» **ABOUT THIS TASK**
Output exactly the lines of the listing below that run from the line with "9月20日下午,智行书院学生" through the line with "밑에 빨간 네모를 클릭하면". No pictures.

***** DATA FOR REVIEW *****

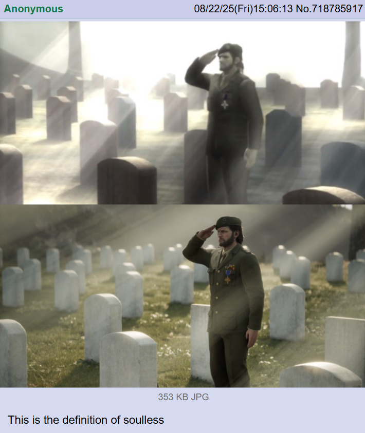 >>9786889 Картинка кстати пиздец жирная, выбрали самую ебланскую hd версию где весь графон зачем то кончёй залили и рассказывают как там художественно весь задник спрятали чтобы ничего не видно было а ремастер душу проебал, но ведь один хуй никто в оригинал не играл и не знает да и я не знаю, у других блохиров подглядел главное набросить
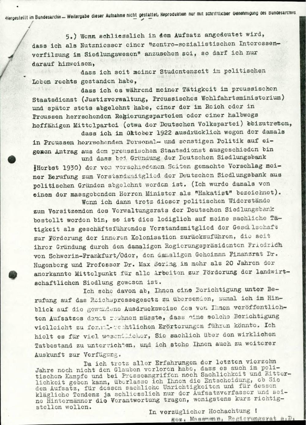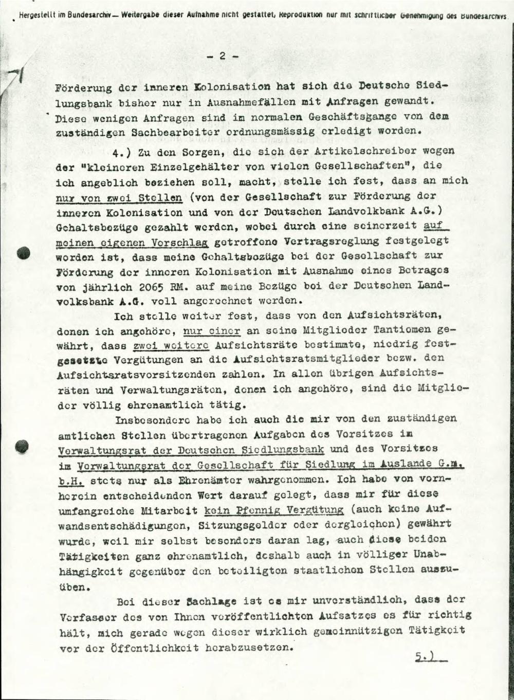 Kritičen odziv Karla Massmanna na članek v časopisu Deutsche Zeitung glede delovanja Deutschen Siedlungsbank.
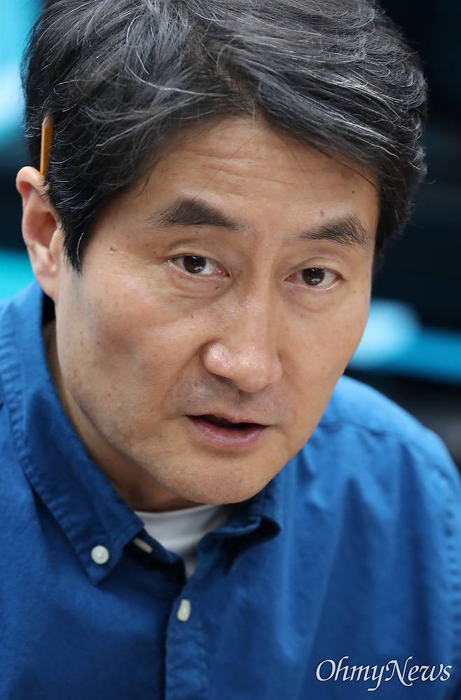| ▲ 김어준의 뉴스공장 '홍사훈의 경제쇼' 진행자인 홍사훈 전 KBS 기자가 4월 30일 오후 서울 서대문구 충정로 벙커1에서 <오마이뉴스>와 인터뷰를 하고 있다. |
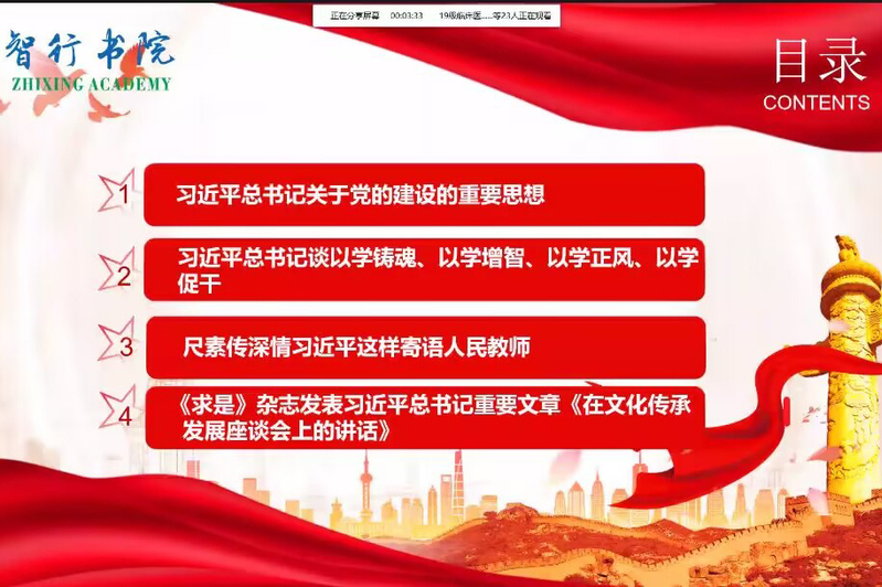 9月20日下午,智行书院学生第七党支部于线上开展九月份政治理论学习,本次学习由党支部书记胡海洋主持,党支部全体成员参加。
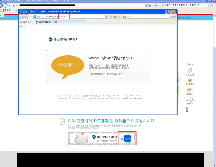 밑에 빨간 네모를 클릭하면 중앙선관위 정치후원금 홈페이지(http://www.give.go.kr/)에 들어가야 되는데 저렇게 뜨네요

*****
***** DATA FOR REVIEW *****

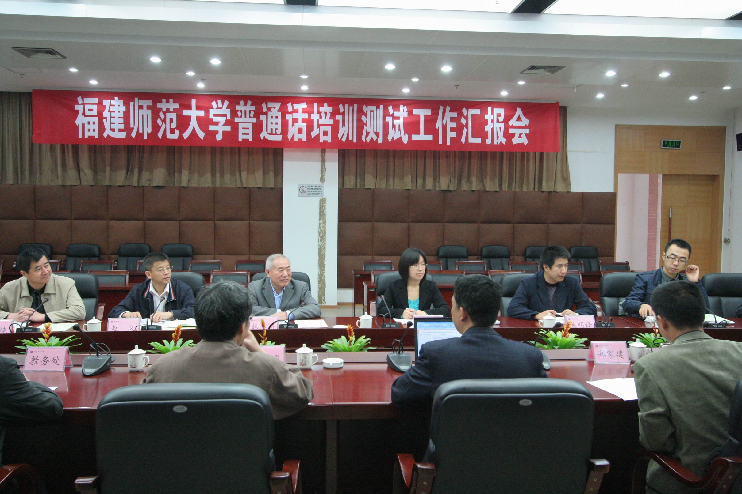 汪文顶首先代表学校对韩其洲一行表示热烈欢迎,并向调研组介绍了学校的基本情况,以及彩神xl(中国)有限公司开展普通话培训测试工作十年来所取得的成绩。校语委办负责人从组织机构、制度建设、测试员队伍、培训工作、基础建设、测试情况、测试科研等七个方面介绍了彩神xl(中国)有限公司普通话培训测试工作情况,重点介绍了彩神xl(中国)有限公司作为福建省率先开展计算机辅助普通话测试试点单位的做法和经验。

*****
***** DATA FOR REVIEW *****

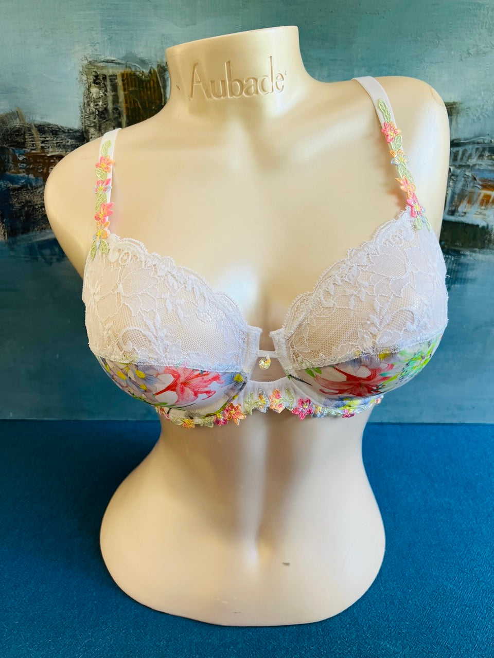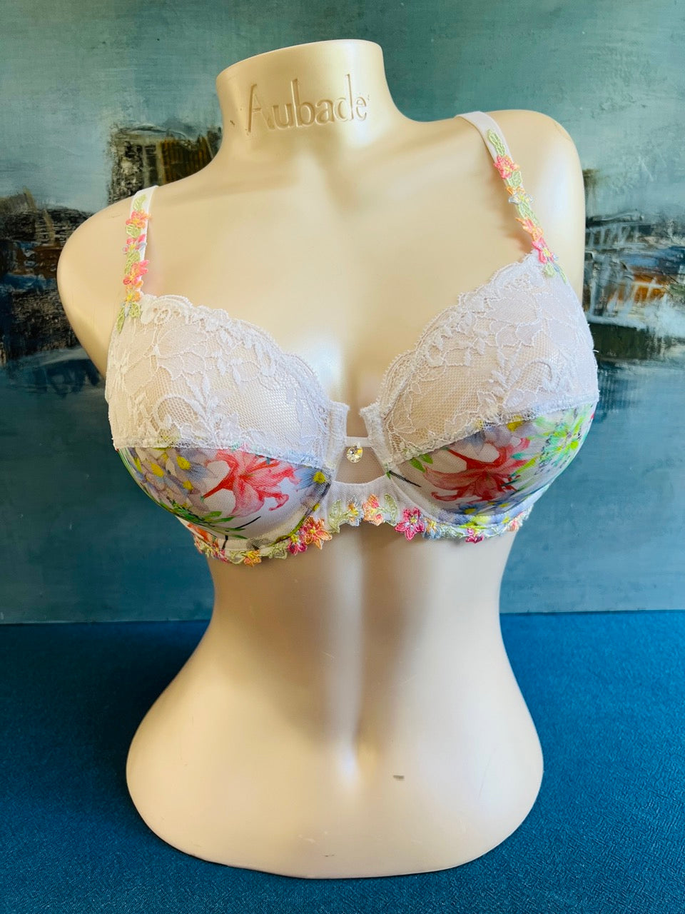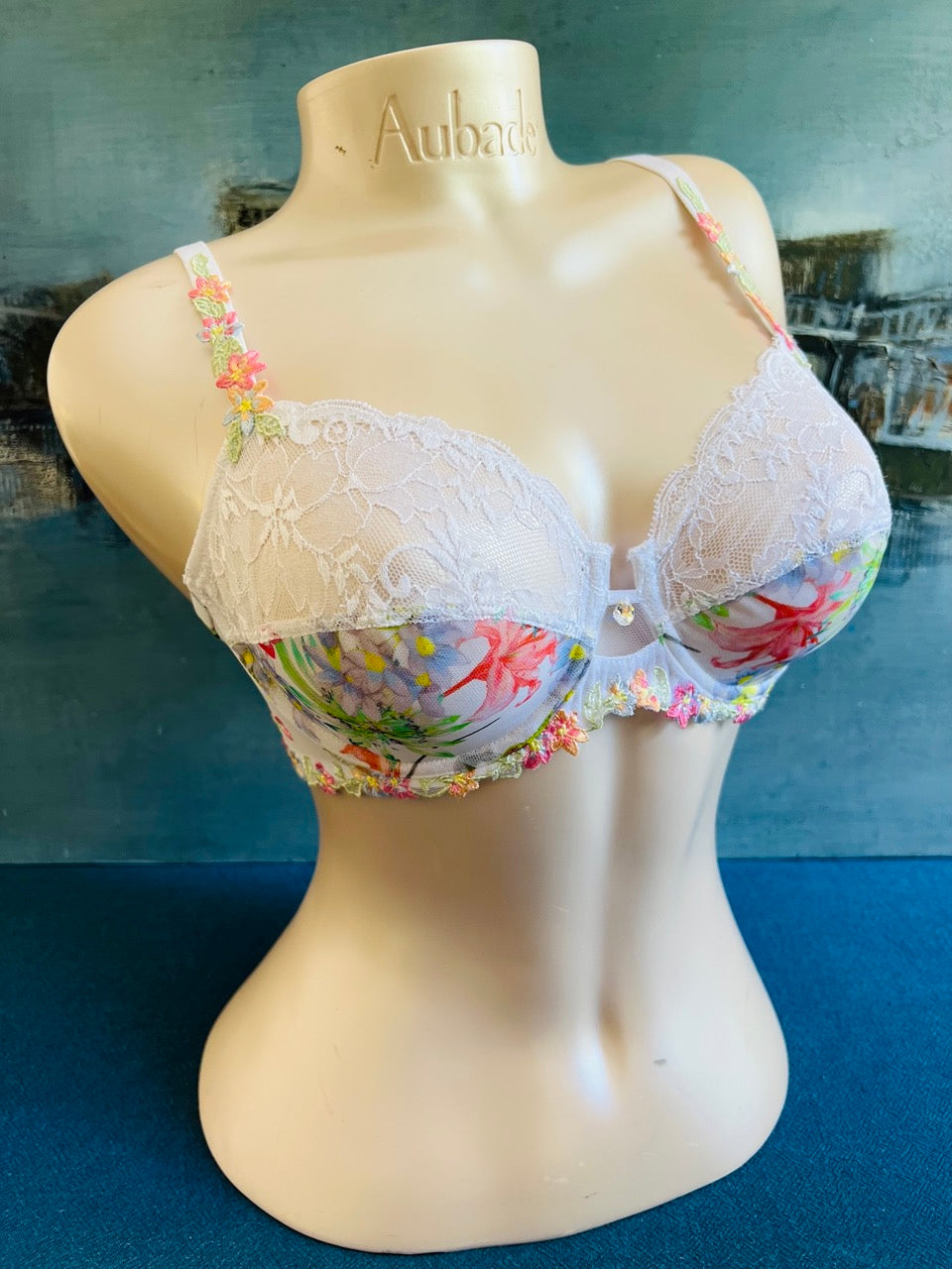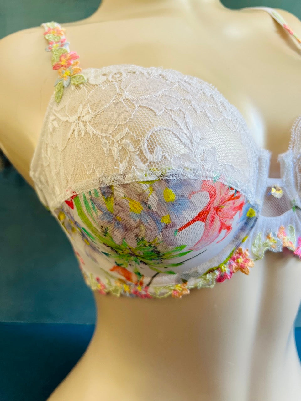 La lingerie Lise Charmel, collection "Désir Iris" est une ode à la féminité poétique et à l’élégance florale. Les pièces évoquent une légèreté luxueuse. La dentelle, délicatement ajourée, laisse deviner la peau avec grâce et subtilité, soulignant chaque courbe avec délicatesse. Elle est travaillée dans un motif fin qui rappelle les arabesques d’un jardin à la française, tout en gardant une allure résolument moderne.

*****

» **TASK ANSWER**
 9月20日下午,智行书院学生第七党支部于线上开展九月份政治理论学习,本次学习由党支部书记胡海洋主持,党支部全体成员参加。
 밑에 빨간 네모를 클릭하면 중앙선관위 정치후원금 홈페이지(http://www.give.go.kr/)에 들어가야 되는데 저렇게 뜨네요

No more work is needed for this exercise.